Bosutinib is as effective as any other secondary TKI. If we’re using imatinib in the frontline, bosutinib should be one of the drugs used in the second line and not be left for a third or fourth line. In fact, if a patient had resistance to a second-generation TKI, then we have to move to a third-generation TKI, among them ponatinib [Iclusig] or asciminib [Scemblix]. But we must use dasatinib [Sprycel] or bosutinib or nilotinib [Tasigna]. I do not rotate them; I just use one of them. If the patient [develops] resistance, I will move to a third-generation TKI.
The [median age for patients] with CML is [approximately] 65 years or older; therefore, they have risk factors for cardiovascular AEs. Nilotinib, for example, can cause a lot of problems.

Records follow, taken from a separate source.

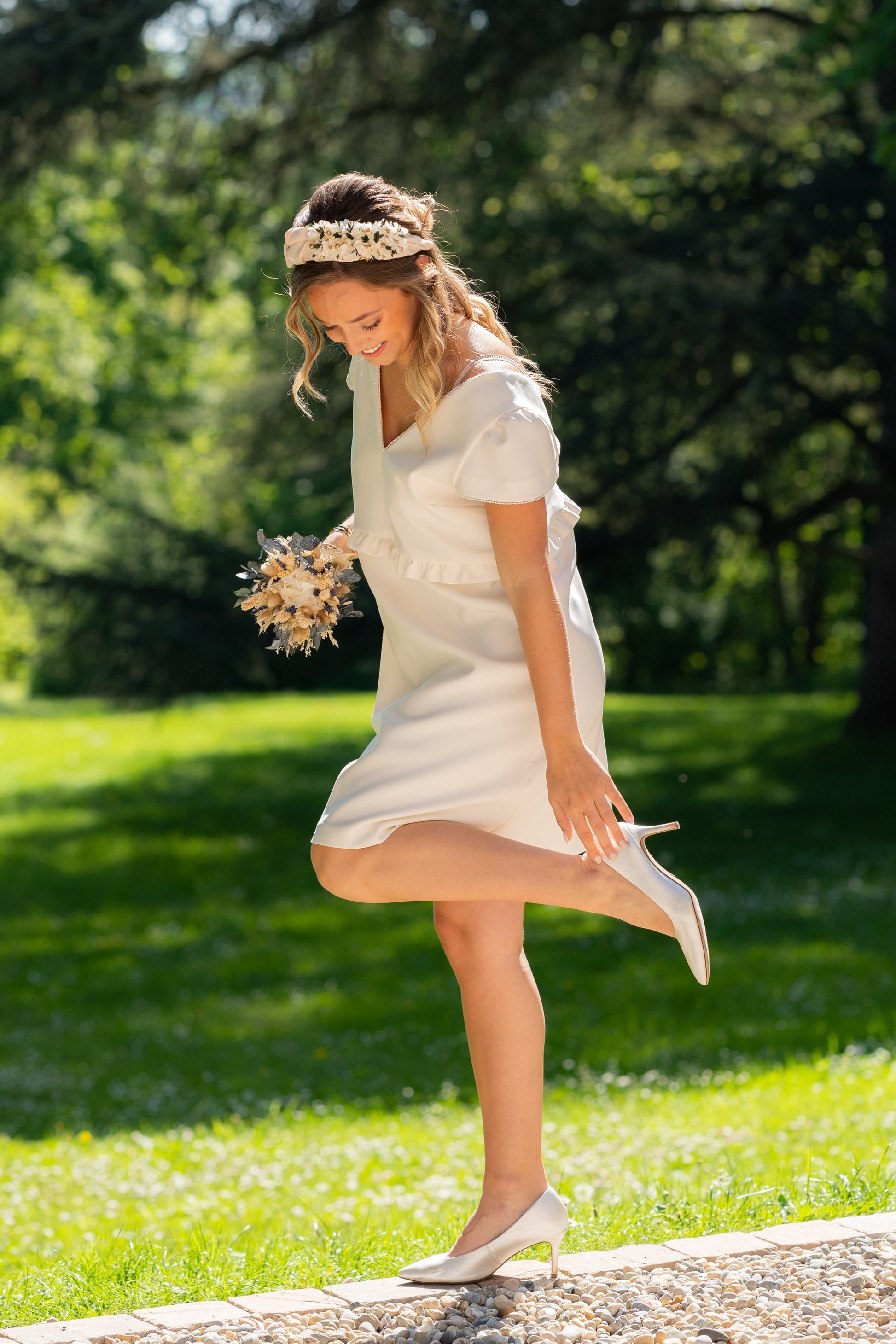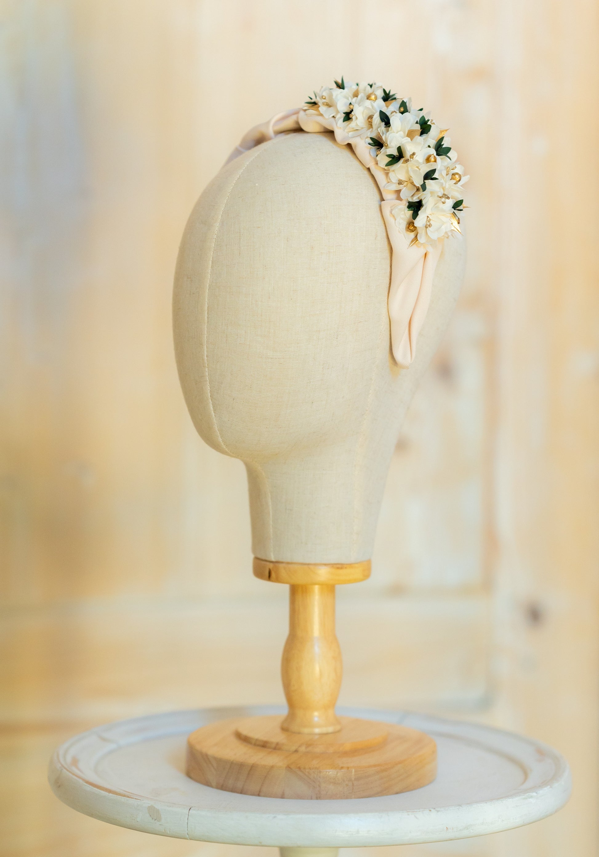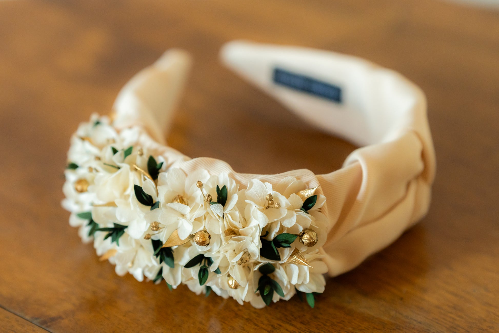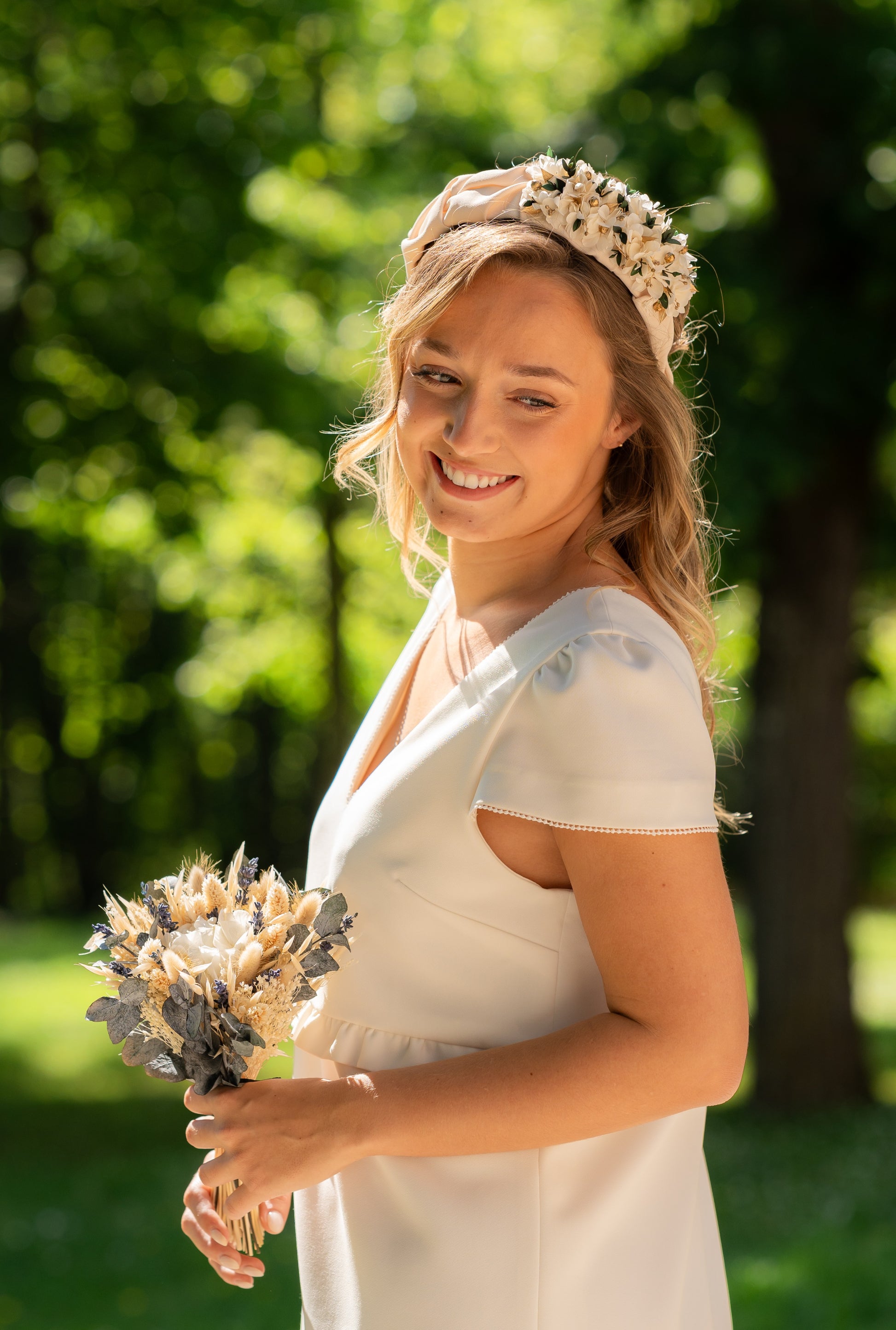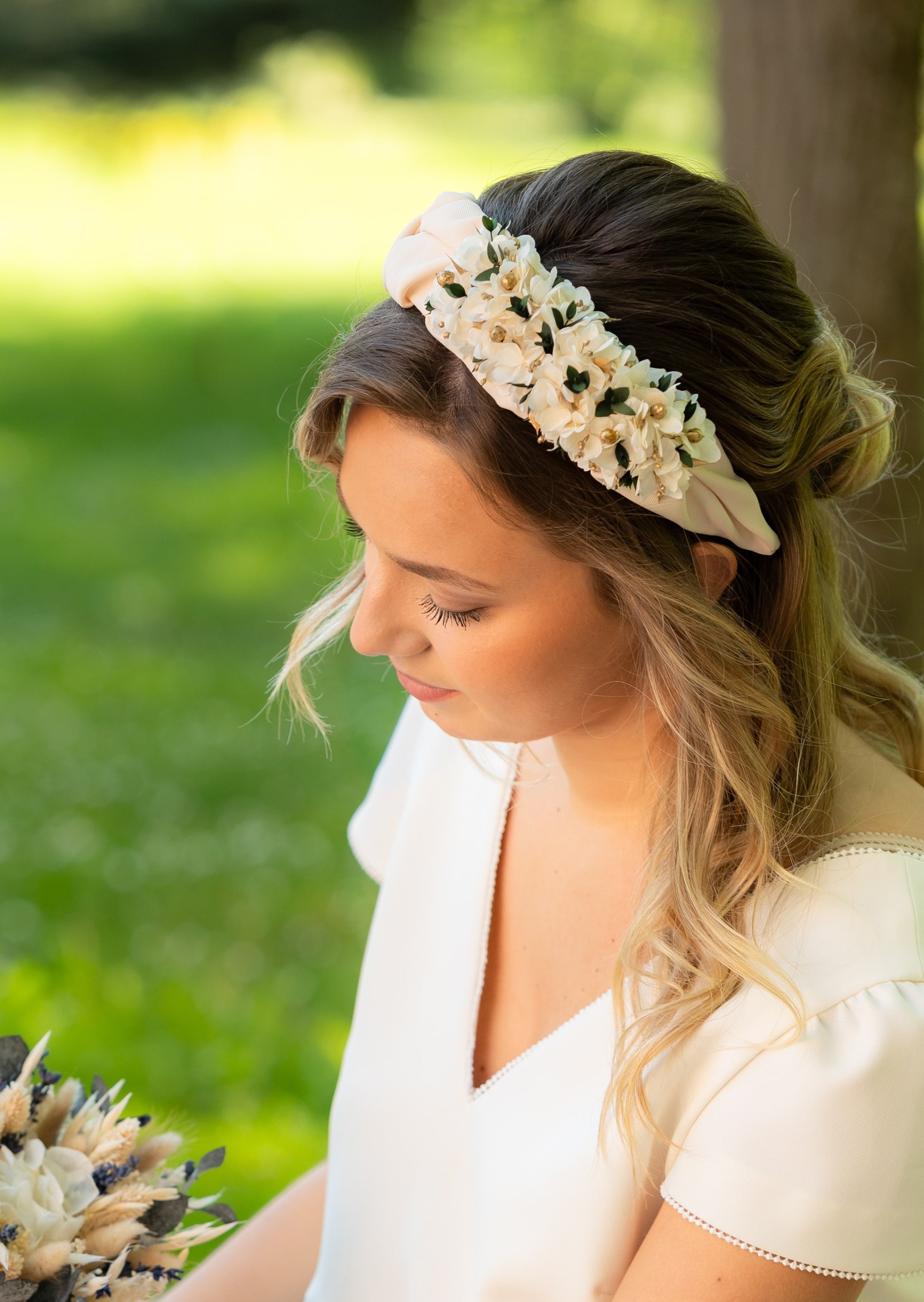Couronnez votre élégance avec ce serre-tête fleuri, l'accessoire raffiné qui sublime chaque coiffure de mariage.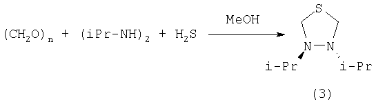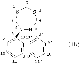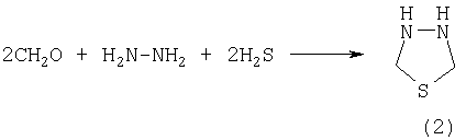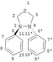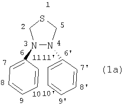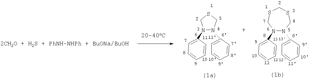 Предлагаемое изобретение относится к способам получения новых органических соединений, в частности к способу получения 3,4-дифенил-1,3,4-тиадиазолидина и 5,6-дифенилтетрагидро-1,3,5,6-дитиадиазепина общей формулы соответственно (1а) и (1b): Соединения тиадиазолидинового ряда могут найти применение в качестве комплексообразователей, селективных сорбентов и экстрагентов драгоценных металлов, специальных реагентов для подавления жизнедеятельности бактерий в различных средах (от легкой промышленности до нефти), биологически активных веществ для синтеза различных лекарственных препаратов, таких как антибактериальные, антигрибковые и антивирусные агенты. Известен способ (N.P.Neureiter. Monomeric formaldazine – sinthesis of 1,3,4-thiadiazolidine – a new heterocycle. J. Am. Chem. Soc., 1959, 81, p.2910) получения производных 1,3,4-тиадиазолидина (2) взаимодействием соответственно гидразина, водного формальдегида и сероводорода по схеме: Известный способ не позволяет получать 3,4-дифенил-1,3,4-тиадиазолидин (1а) и 5,6-дифенилтетрагидро-1,3,5,6-дитиадиазепин (1b). Известен способ (Р.Г.Костяновский, П.Радемахер, Ю.И.Эльнатанов, Г.К.Кадоркина, Г.А.Никифоров, И.И.Червин, С.В.Усачев, В.Р.Костяновский. Асимметрический азот. Сообщение 78. Пространственно-затрудненная инверсия атомов в циклических гидразинах: N,N’диалкил-1,3,4-оксадиазолидины; 1,3,4-тиадиазолидин; 4,5-бензо-1,2,3,6-тетрагидропиридазин. Изв. АН., 1997, №7. 1346-1354) получения производных 1,3,4-тиадиазолидина (3) взаимодействием соответственно 1,2-диизопропилгидразина в МеОН, параформа и сероводорода по схеме: Известный способ не позволяет получать 3,4-дифенил-1,3,4-тиадиазолидин (1а) и 5,6-дифенилтетрагидро-1,3,5,6-дитиадиазепин (1b). Таким образом, в литературе отсутствуют сведения по совместному получению 3,4-дифенил-1,3,4-тиадиазолидина (1а) и 5,6-дифенилтетрагидро-1,3,5,6-дитиадиазепина (1b). Предлагается новый способ совместного получения 3,4-дифенил-1,3,4-тиадиазолидина (1а) и 5,6-дифенилтетрагидро-1,3,5,6-дитиадиазепина (1b). Сущность метода заключается во взаимодействии насыщенного сероводородом водного раствора формальдегида (37%) с 1,2-дифенилгидразином в буферной среде н-BuONa/н-BuOH, взятыми в мольном соотношении гидразин: формальдегид: сероводород: н-BuOHa=1:2:1:2, при температуре 20-40°С и перемешивании в течении 3 часов. Образуется 3,4-дифенил-1,3,4-тиадиазолидин (1а) и 5,6-дифенилтетрагидро-1,3,5,6-дитиадиазепин (1b). Реакция протекает по схеме: Целевые продукты 3,4-дифенил-1,3,4-тиадиазолидин (1а) и 5,6-дифенилтетрагидро-1,3,5,6-дитиадиазепин (1b) образуются только с участием 1,2-дифенилгидразина в присутствии буферного раствора бутанол-бутилата натрия, формалина и сероводорода. В присутствии других производных гидразина (например, аммиака, триазана, тетразана), других альдегидов (например, уксусного, пропионового), других меркаптанов (например, этил- или амилмеркаптаны) целевые продукты (1а) и (1b) не образуются. Реакции проводили при температуре 20-40°С. При более низкой температуре (например, 0°С) выход целевых продуктов снижается, а при высокой температуре (например, 80°С) реакции продукты (1а) и (1b) не образуются. Реакцию проводили с использованием бутилового спирта в качестве растворителя. В других растворителях (например, метиловом или изопропиловом спирте) снижается селективность реакции. Отличия предлагаемого способа: В предлагаемом способе для получения 3,4-дифенил-1,3,4-тиадиазолидина (1а) и 5,6-дифенилтетрагидро-1,3,5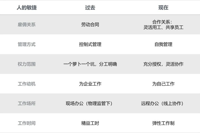 支撑敏捷组织的是具体的人,只有人敏捷了,组织才能跑得动。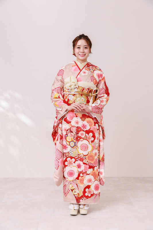くすみピンク地 梅柄 正絹振袖【217】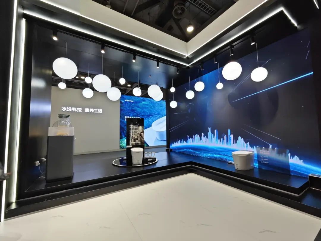 参展主题是“臻于原创,高定之美”,展厅布局以套间为主,每个套间描绘着不同的方式方式。展品包括了阿西娜系列、玄狐系列、迷音系列等, 同时也展出了多款智能马桶产品。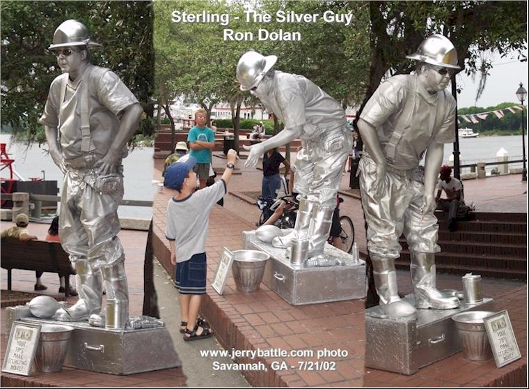 Savannah, GA - July 21, 2002 On a week-end trip to Savannah we encountered a unique individual. I usually don't pay a lot of attention to street entertainers but this one was different from anyone I had previously seen. Originally from St. Augustine, Florida, Ron Dolan has been entertaining both residents and visitors in Savannah for some five years. See Sterling, the living statue, on River Street - where else would you go in Savannah?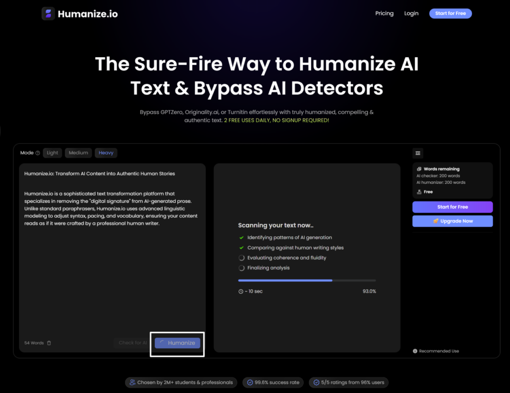 Step 3: Review the output. You’ll notice the “robotic” patterns are gone, replaced by a more natural, engaging tone that preserves your original intent.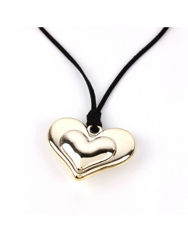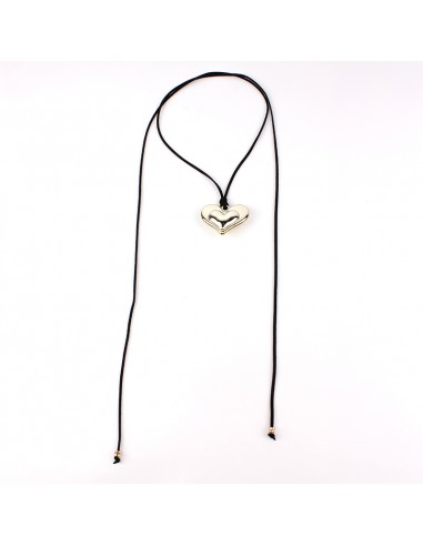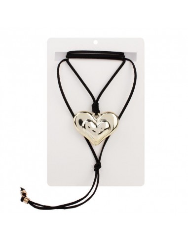 Collar corbatero de gamuza múltiples vueltas con dije exclusivo con forma de corazón de ccb dorado y terminaciones en punteras.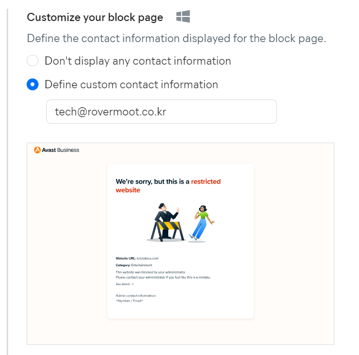 Web control 차단 시에 표시되는 페이지에 이메일 주소 또는 전화번호를 입력할 수 있습니다.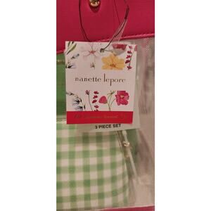 3pc bag set from Nanette Lepore. Mesh tote bag trimmed in pink, green checked shoulder bag, green crossbody. Color style is Parakeet. Retail value is $128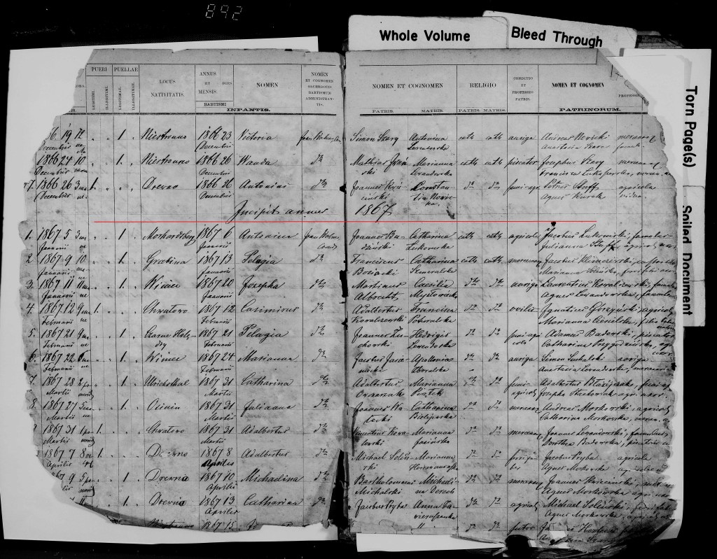 However, the proof is in the pudding, as they say, and until an actual birth record is found, one can’t make any definitive claims. So, I sought a birth record for Augustyn Drajem circa 25 July 1866 in the records from Niestronno.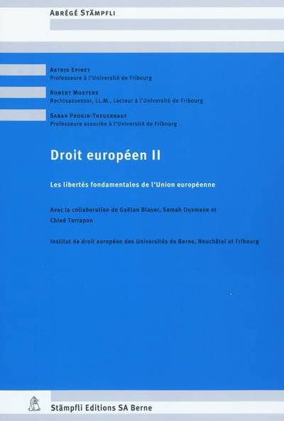 Ce manuel traite du principe de non-discrimination et du régime des libertés fondamentales de l' Union européenne (libre circulation des marchandises, libre circulation des travailleurs, liberté d' établissement, libre prestation de services, libre circulation des capitaux et des paiements). Sont également abordées des questions dogmatiques des libertés fondamentales et la thématique du rapprochement des ordres juridiques nationaux. Un excursus se consacre à l'accord sur la libre circulation des personnes entre la Suisse et l' Union européenne. Cet ouvrage, conçu comme support de cours, s' adresse avant tout aux étudiants et étudiantes dans le but de leur faciliter la compréhension des cours et leur assurer une meilleure préparation aux examens. Dans le domaine des libertés fondamentales, la jurisprudence de la Cour de justice de l' Union européenne revêt une grande importance qui rend la connaissance des principaux arrêts indispensable. C' est la raison pour laquelle ce manuel contient de nombreux extraits d'arrêts, qui visent à illustrer la matière et permettre au lecteur/ à la lectrice de développer un regard critique face au droit de l' Union. Les modifications apportées par le Traité de Lisbonne sont déjà prises en compte.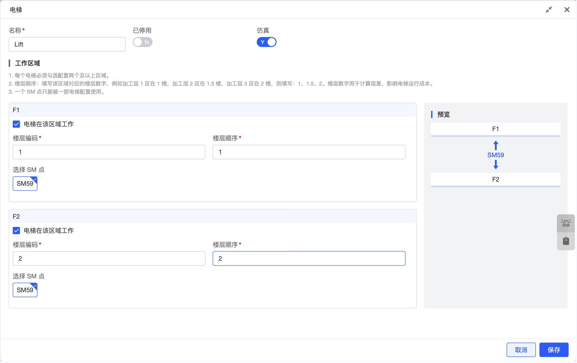 为场景配置电梯,勾选电梯所在的区域后,在区域内进行电梯的楼层编码和楼层顺序的配置,为其选择场景中的 SM 点,右侧的预览根据配置实时变化,模拟实际电梯的分布,更有立体感。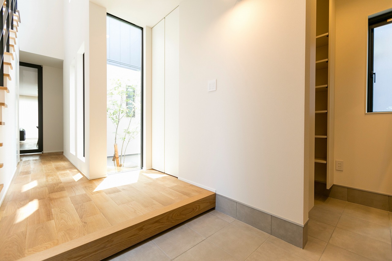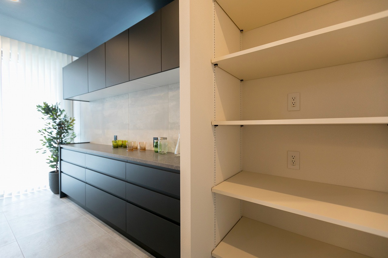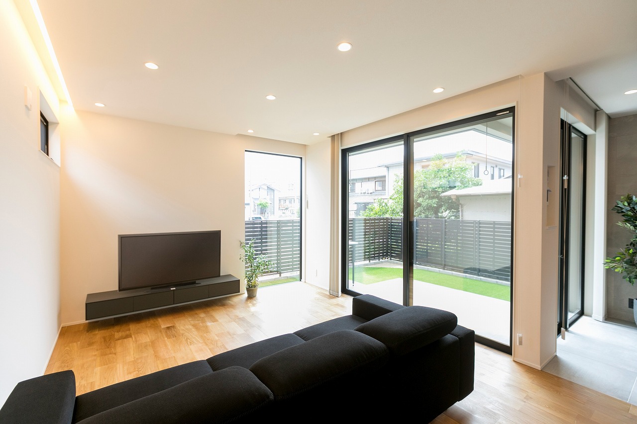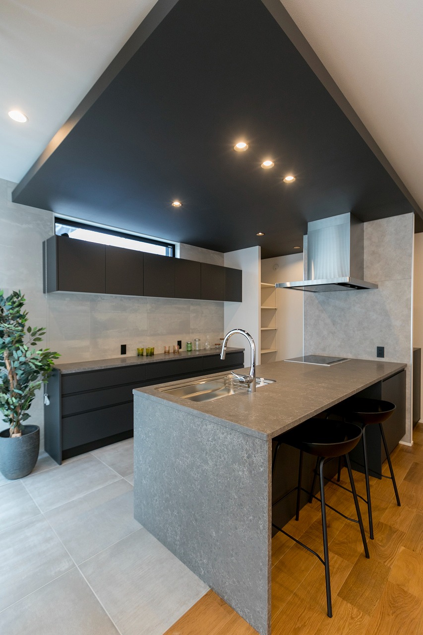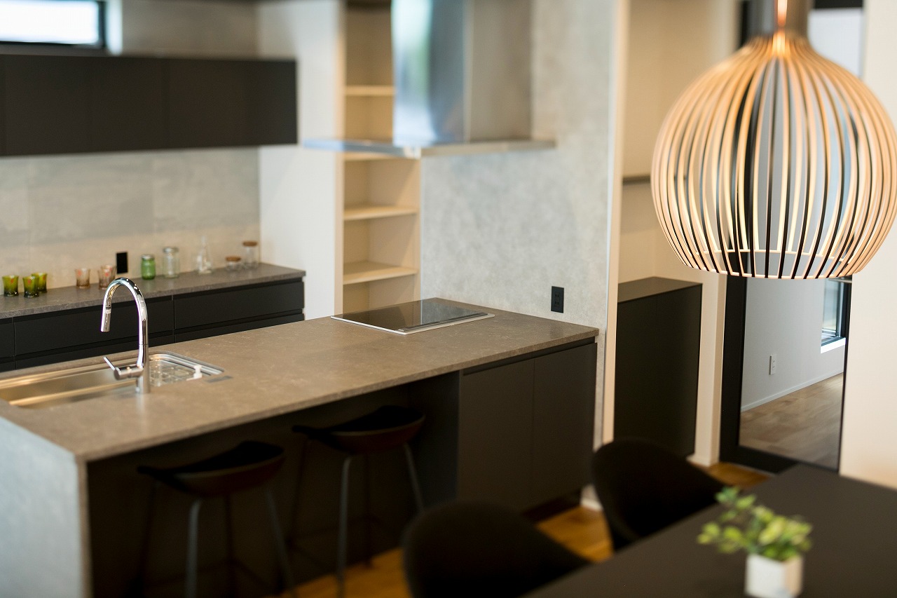 注文住宅 ミニマルで洗練された、黒と木目が調和した家 蟹江町O様邸 Exterior Living & Dining & Kitchen Entrance Washroom Walk-in Closet Bed Room 一覧へ 前へ 次へ

Bosutinib is the drug with the least cardiovascular AEs, which are common for these patients, which is why I favor bosutinib over other drugs. Diarrhea can be [reported], but this AE is highly manageable, and it’s [typically] resolvable within the first episode. When it comes to safety profile, bosutinib has a major advantage compared with the other drugs.
We looked at our own data from more than 300 patients, and we saw no difference between one drug over another when it comes to treatment-free remission. As soon as [the patient] can have a deep response sustained for a couple of years, you can stop the TKI. I see no advantage of nilotinib or dasatinib over bosutinib; all are equivalent in that sense.
Right now, we’re testing several drugs in CML. One of the most potent TKIs is ponatinib, but it has cardiovascular toxicities, and that was a problem with the drug. Asciminib was [also] approved [by the FDA]. It’s good, but I don’t think its earth shaking. There’s olverembatinib coming, and so many other drugs being explored right now in the relapsed setting that may move to the frontline soon.
However, for a drug to become the frontline standard of care, it should induce a higher rate of sustained deep molecular response. That eventually will lead to more treatment-free remissions. Second, it should be safe in the long run, [which is] 7 to 8 years. We have to wait for [more follow-up data with] asciminib to prove that it’s safe in the long run. Finally, it should be affordable, [costing] no more than $40,000 per year.
Patients with CML can expect to have a normal life span. It’s good to start somebody on a TKI immediately, but they are [often] overdosed. Intolerance is common, but [this can be fixed] by adjusting the dose. We should not switch TKIs right away unless a patient has true resistance, defined as BCR::ABL1 [transcript levels] of 1% [or more after more than 12 months of therapy]. We have several drugs [available for these patients], but we should be cognizant that when it comes to survival or the equivalent, [we should consider] the cheapest drug. If a patient is young and you aim to stop therapy, [you should] consider a second-generation TKI.